**Information given:**
= Beginning of Section =

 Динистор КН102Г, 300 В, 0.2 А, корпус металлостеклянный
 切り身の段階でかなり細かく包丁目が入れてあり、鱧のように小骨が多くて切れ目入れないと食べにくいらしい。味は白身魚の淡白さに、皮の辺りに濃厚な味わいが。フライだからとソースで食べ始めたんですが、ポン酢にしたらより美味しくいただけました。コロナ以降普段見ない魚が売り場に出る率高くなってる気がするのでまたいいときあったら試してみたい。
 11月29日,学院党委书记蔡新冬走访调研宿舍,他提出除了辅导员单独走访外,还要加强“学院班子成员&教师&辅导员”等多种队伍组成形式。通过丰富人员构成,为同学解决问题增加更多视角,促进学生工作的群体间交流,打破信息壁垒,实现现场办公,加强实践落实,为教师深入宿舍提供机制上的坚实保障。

= End of Section =
= Beginning of Section =

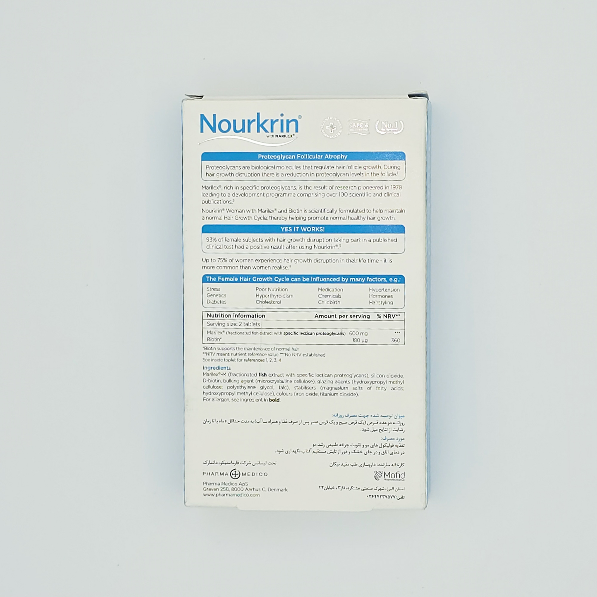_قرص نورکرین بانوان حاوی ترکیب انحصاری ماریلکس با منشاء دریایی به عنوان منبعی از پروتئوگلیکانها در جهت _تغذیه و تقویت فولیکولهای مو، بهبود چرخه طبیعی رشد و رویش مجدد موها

= End of Section =
= Beginning of Section =

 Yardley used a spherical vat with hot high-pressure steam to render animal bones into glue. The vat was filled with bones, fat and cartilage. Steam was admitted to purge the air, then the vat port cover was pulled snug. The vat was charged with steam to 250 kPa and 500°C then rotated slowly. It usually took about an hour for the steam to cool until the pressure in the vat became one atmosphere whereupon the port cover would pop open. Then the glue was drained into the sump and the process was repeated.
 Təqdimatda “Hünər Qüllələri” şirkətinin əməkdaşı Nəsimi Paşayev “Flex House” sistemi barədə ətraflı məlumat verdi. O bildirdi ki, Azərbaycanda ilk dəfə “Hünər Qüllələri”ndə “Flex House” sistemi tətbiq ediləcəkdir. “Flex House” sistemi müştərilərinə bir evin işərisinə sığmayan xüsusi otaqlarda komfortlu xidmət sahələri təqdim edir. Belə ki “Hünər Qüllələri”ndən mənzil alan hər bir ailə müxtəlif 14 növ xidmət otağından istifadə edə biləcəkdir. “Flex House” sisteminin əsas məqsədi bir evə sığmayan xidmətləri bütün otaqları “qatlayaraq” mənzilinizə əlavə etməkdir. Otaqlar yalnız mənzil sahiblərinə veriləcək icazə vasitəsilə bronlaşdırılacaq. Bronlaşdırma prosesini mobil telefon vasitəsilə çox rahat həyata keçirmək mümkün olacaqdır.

= End of Section =

**What is required:** Reproduce only the lines above spanning from the line containing "Динистор КН102Г, 300" through the line containing "11月29日,学院党委书记蔡", word for word.

**Your response:**
 Динистор КН102Г, 300 В, 0.2 А, корпус металлостеклянный
 切り身の段階でかなり細かく包丁目が入れてあり、鱧のように小骨が多くて切れ目入れないと食べにくいらしい。味は白身魚の淡白さに、皮の辺りに濃厚な味わいが。フライだからとソースで食べ始めたんですが、ポン酢にしたらより美味しくいただけました。コロナ以降普段見ない魚が売り場に出る率高くなってる気がするのでまたいいときあったら試してみたい。
 11月29日,学院党委书记蔡新冬走访调研宿舍,他提出除了辅导员单独走访外,还要加强“学院班子成员&教师&辅导员”等多种队伍组成形式。通过丰富人员构成,为同学解决问题增加更多视角,促进学生工作的群体间交流,打破信息壁垒,实现现场办公,加强实践落实,为教师深入宿舍提供机制上的坚实保障。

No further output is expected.